## Provided material:
------------------------
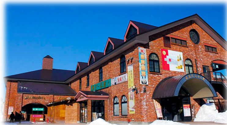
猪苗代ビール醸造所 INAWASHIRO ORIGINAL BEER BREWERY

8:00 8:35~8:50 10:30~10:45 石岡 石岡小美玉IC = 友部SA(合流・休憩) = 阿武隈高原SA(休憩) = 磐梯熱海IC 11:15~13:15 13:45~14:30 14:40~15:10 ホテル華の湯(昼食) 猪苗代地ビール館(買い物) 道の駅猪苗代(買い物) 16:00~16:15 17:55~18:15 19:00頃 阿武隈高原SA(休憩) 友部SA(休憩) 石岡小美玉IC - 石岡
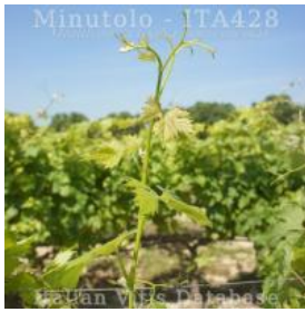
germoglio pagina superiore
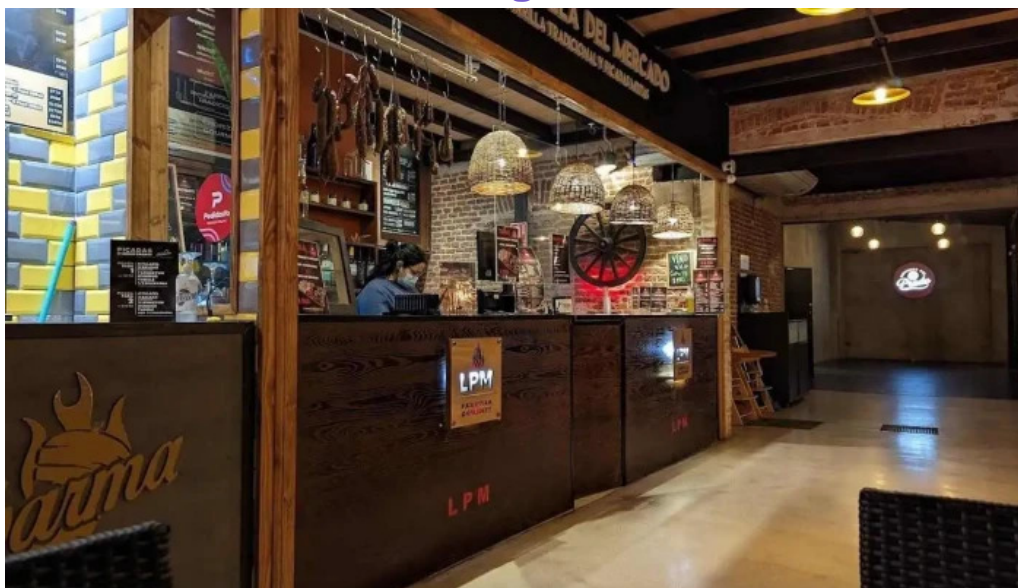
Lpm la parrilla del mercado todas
------------------------
## Problem details:
Reproduce all of the material exactly, apart from the pictures.

## Task response:
猪苗代ビール醸造所 INAWASHIRO ORIGINAL BEER BREWERY

8:00 8:35~8:50 10:30~10:45 石岡 石岡小美玉IC = 友部SA(合流・休憩) = 阿武隈高原SA(休憩) = 磐梯熱海IC 11:15~13:15 13:45~14:30 14:40~15:10 ホテル華の湯(昼食) 猪苗代地ビール館(買い物) 道の駅猪苗代(買い物) 16:00~16:15 17:55~18:15 19:00頃 阿武隈高原SA(休憩) 友部SA(休憩) 石岡小美玉IC - 石岡
germoglio pagina superiore
Lpm la parrilla del mercado todas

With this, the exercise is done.